[Beowulf] single machine with 500 GB of RAM

Ellis H. Wilson III ellis at cse.psu.edu
Thu Jan 10 09:08:44 PST 2013


On 01/10/13 00:04, Mark Hahn wrote:
>> procs. Within each process the accesses to their "cube" of data were
>> near to completely random.
>
> "completely random" is a bit like von Neumann's "state of sin" ;)
> if they managed to make actually uniform random accesses, they'd have
> discovered a new PRNG, possibly the most conpute-intensive known!

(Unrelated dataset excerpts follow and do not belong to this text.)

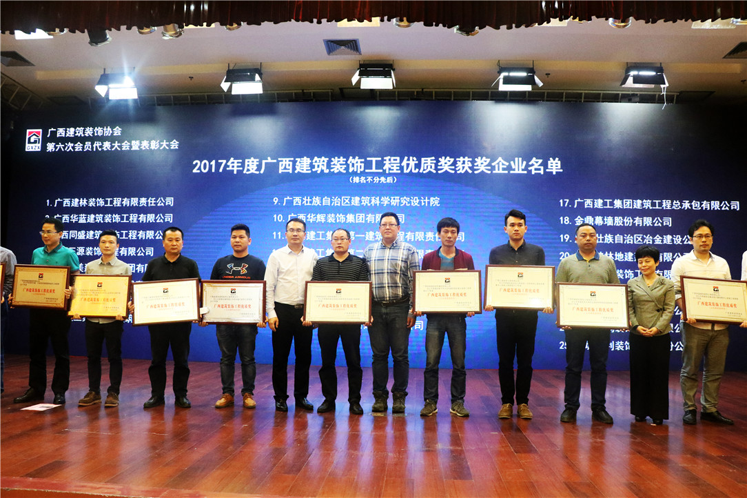 会议上还举行了隆重的颁奖仪式,leyu装饰集团喜获多个奖项:leyu承建的德利·东盟国际文化广场装修工程、大唐·天城项目售楼部装修工程荣获2017年度广西建筑装饰工程优质奖(公共建筑装饰类)”,“2016年度广西建筑装饰行业先进企业”,“2016年度广西建筑装饰行业优秀企业经理”及“2016年度广西建筑装饰行业优秀建筑装饰设计师”荣誉称号。
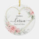 Coração Geométrica Blush Floral Cor-de-Rosa, Ornamento Cerâmico Batizado
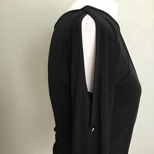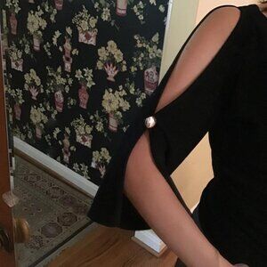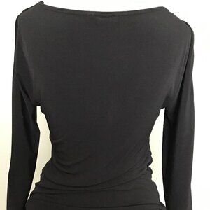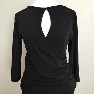 Black Faux-wrap Top Size S 3/4 length, slit sleeves Measures 18" minimum pit to pit (faux wrap adjusts to larger size) no visible flaws
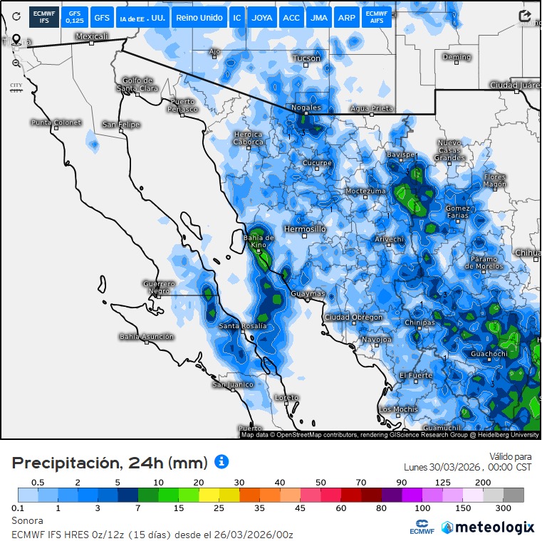 Hermosillo, Sonora.– Para este domingo 29 de marzo se pronostican tormentas fuertes a severas en gran parte de la zona montañosa del estado, un fenómeno considerado atípico para la temporada, ya que presentaría características propias de las lluvias de verano.
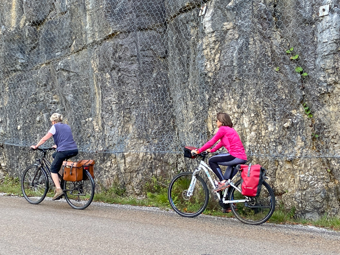 Pédalant tranquillement le long du lac, nous sommes dépassés par trois cyclistes « bonjour ! », puis d’autres cyclistes « y en a-t’il encore beaucoup ? » demande Simone, et la conversation est partie. Nous apprenons qu’elles sont sur le chemin du retour et qu’elles vont à Strasbourg, une dizaine de femmes et un homme, cherchez l’erreur !
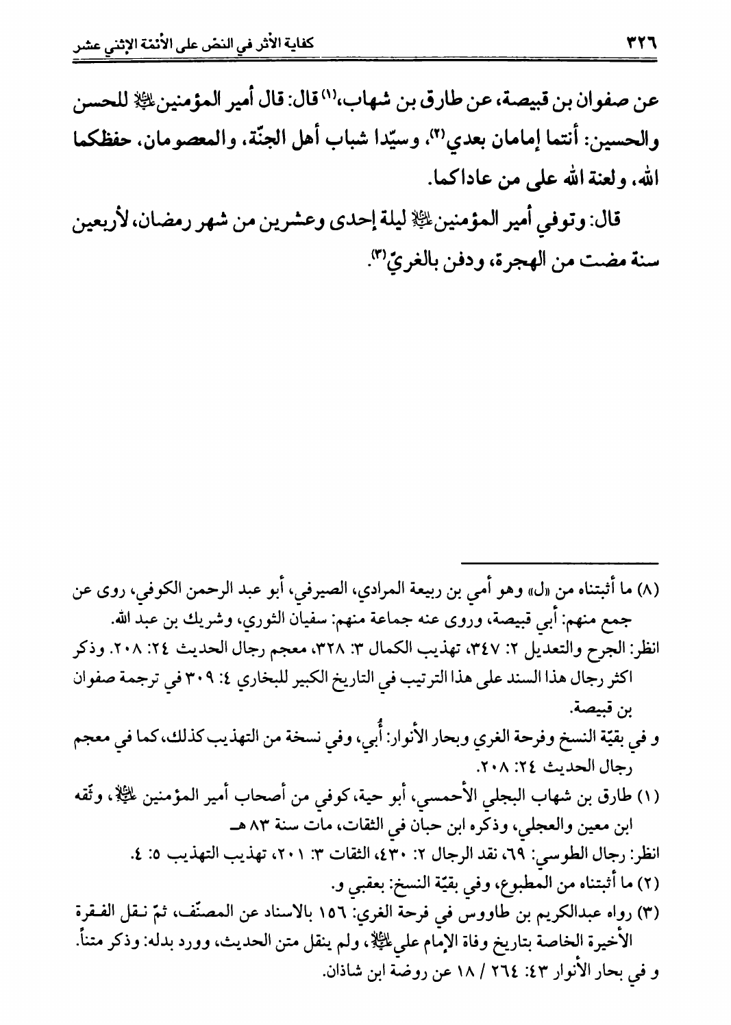 كفاية الأثر، في النصوص على الأئمة الإثني عشر

Alright, alright.  Fair enough, not "completely random" or even near to 
it, but damn close enough for a file system guy since things were 
thrashing like a cat in a bath.

> my guess is that apps that claim to be random/seeky often have pretty
> non-uniform patterns. they obviously have a working set,

Some really do start "psuedo-random" (hopefully this avoids getting me 
in trouble) and converge slowly, building a more defined working set as 
they go.  Genetic algorithms come to mind here, and some types of ANNs, 
both of which I was using in my short couple year stint working with 
computational chemists.  Towards the end things pick up nicely because 
all the data stays in cache effectively (short of mutation situations in 
the GA case).

> let's eyeball a typical memory latency at 50 ns, a mediocre disk at 10 ms,
> but the real news here is that completely mundane SSD latency is 130 us.
> 200,000x slower is why thrashing is painful - 2600x slower than ram is
> not something you can ignore, but it's not crazy.
>
> it's a curious coincidence that a farm of Gb servers could provide
> random 4k blocks at a latency similar to the SSD (say 150 us).
> of course, ScaleMP is, abstractly, based on this idea (over IB.)
>
>> IOPs, but is there anywhere a scaling study on them where individual
>> requests latencies are measured and CDF'd? That would be really
>
> http://markhahn.ca/ssd.png
> like this? those are random 4k reads, uniformly distributed.

No, we've got a couple of those in the paper I shared with Vincent 
yesterday, but this only looks at distribution of latencies for a single 
drive (right?).  I was referring to a scaling study looking at how a 
basic SATA drive connected directly to the mobo is impacted when you go 
from that to a RAID card in between, and then progressively add more 
SSDs to it.  I would expect the latency to drop and then (in the best 
case) stay flat -- it shouldn't drop if the RAID card is decent nor 
should it rise in RAID0 format, since you are still bound by the latency 
of a single SSD.  This is undoubtedly all hinged on the efficacy of the 
RAID card, but my hunch is that most of these cards aren't built well 
for O(us) response times, but instead, for O(ms) response times like the 
HDDs have they have been serving for ages.

If I stumble on a pile of SSDs and a nice RAID card, I'll report back :D.